[Excerpts from a dataset]
______________________________

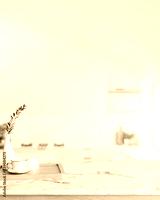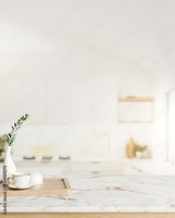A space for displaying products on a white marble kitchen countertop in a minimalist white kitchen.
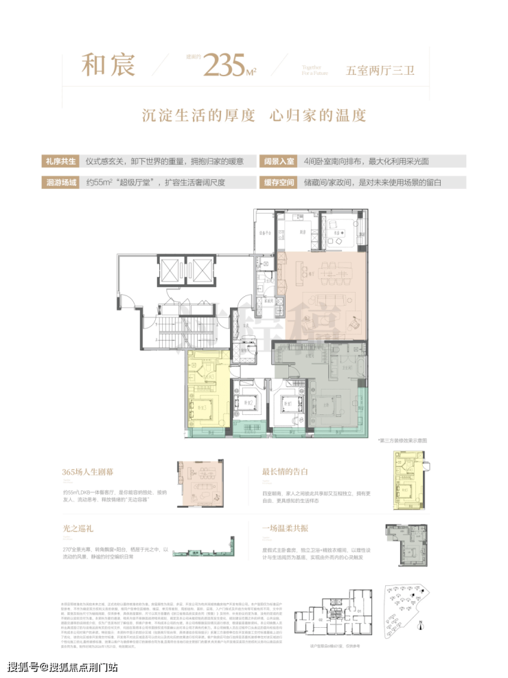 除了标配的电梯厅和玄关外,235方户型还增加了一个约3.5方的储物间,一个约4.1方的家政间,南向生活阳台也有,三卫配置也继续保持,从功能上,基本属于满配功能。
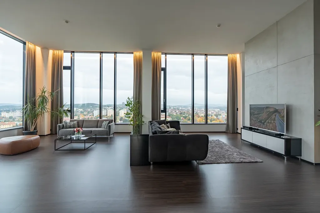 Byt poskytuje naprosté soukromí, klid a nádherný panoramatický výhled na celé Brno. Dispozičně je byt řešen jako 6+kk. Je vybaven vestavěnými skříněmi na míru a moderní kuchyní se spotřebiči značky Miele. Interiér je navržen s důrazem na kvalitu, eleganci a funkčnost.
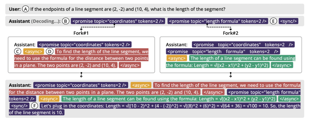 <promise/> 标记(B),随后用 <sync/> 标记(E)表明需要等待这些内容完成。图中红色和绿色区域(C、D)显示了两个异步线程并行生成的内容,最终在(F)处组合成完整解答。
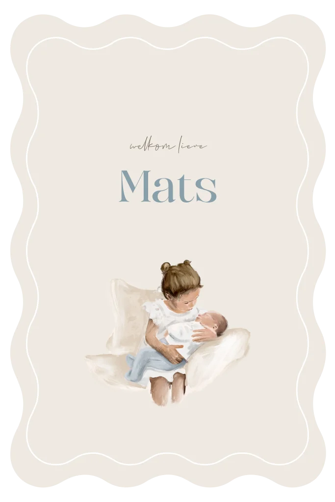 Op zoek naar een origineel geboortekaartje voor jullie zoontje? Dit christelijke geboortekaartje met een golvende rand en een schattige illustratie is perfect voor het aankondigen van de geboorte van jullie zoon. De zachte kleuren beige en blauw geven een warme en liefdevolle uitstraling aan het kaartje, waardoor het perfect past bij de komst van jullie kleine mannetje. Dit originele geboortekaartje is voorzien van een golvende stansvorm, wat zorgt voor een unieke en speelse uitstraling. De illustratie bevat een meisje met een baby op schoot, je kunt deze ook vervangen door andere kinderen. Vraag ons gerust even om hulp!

______________________________

> _Try it_
Of the lines above, quote exactly those from the one with "除了标配的电梯厅和玄关外,2" through the one with "<promise/> 标记(B),随后用 <sync/>", ends included; pictures stay out.

> _Task result_
 除了标配的电梯厅和玄关外,235方户型还增加了一个约3.5方的储物间,一个约4.1方的家政间,南向生活阳台也有,三卫配置也继续保持,从功能上,基本属于满配功能。
 Byt poskytuje naprosté soukromí, klid a nádherný panoramatický výhled na celé Brno. Dispozičně je byt řešen jako 6+kk. Je vybaven vestavěnými skříněmi na míru a moderní kuchyní se spotřebiči značky Miele. Interiér je navržen s důrazem na kvalitu, eleganci a funkčnost.
 <promise/> 标记(B),随后用 <sync/> 标记(E)表明需要等待这些内容完成。图中红色和绿色区域(C、D)显示了两个异步线程并行生成的内容,最终在(F)处组合成完整解答。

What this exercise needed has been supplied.